Willows and scrub close to shore are hard to fish, but a well practised roll cast will get a line out far enough as these fish cruise close in, picking off the flies as they go. A lesson I find hard to take is that in a lake the fish move, you don’t. If you find the right spot and the fish are cruising, stay out of sight. You will fish to enough fish to fill in your day.
I like to walk and believe the more area I cover the better my chances are.
Sometimes this proves true, and I usually sleep well that night. My high country opening is usually spent at the mouth of the Harper River, and apart from moving a few paces; I fish from 5 am until lunchtime. You can take fish early, or later in the morning.
The tackle I use is a 9ft 6in rod to take a 7wt line, in which I have a floating line and a sink tip, type II sinking. I usually start off with a type III, and it’s a 9wt. I use two lures, both Black Petes, and change to Mrs Simpson about nine o’clock. If the line ticks along the bottom I change to a type ll. After lunch, I’ll put on a floating line and fish across the bay with a flashback nymph. It’s a searching pattern, just general, and rainbows love it. If I’m going walkabout I use a 9′ 6wt, as it is light and presents a good accurate cast.

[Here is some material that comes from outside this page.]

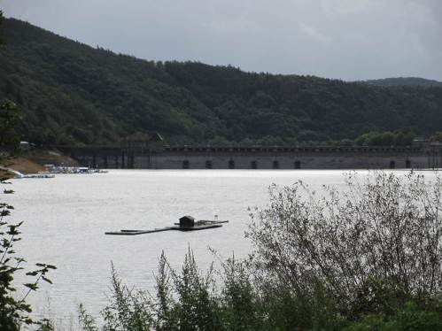 Aufgrund der sommerlichen Regenfälle ist der See wieder so angestiegen, dass die weisse Flotte lange Distanzen abfahren kann. Schloss Waldeck grüßt regenverhangen im Hintergrund.

Some of the smallest flies you will ever use will be on a lake, as midges are a staple diet and the most important stage is the hatching pupa, fished just under the surface mostly used in size 20 with a fine tippet so that it hangs right. Have a look on any lake surface and you will see hundreds of empty shucks.

Snails are great fished on windy days, as they get dislodged from vegetation and a Black and Peacock is a good imitation. Dragonflies and Damselflies are our best-known flies for lake fishing, and I use a Creedon’s Creeper and my Wiggle nymph fished on a long leader for these patterns.
Dry Flies: There are three that I use. The number one is the Love’s Lure tied in sizes 10 and 12, along with the Black Gnat. You could do very well with just these, but a Humpy Blowfly is one that has done well in lakes and rivers, so I carry a few anyway. We can always learn some tricks now and then and I normally don’t add any weight to my lake flies, but on our winter trip to Lake Pearson Nigel was using a weighted Dragonfly nymph and it sank like a stone and when twitched, kicked a little mud and that seemed to turn the fish on. He caught a nice fish and lost on one, as he didn’t see the take.
North Canterbury is blessed with some very nice lakes and they are all different, some small and raupo lined (be careful, you can disappear very quickly), to big open lakes with some tarns that are worth a look. Once you know how to ‘read’ specific clues, you can open a whole world of fishing. Tight lines – John Hey.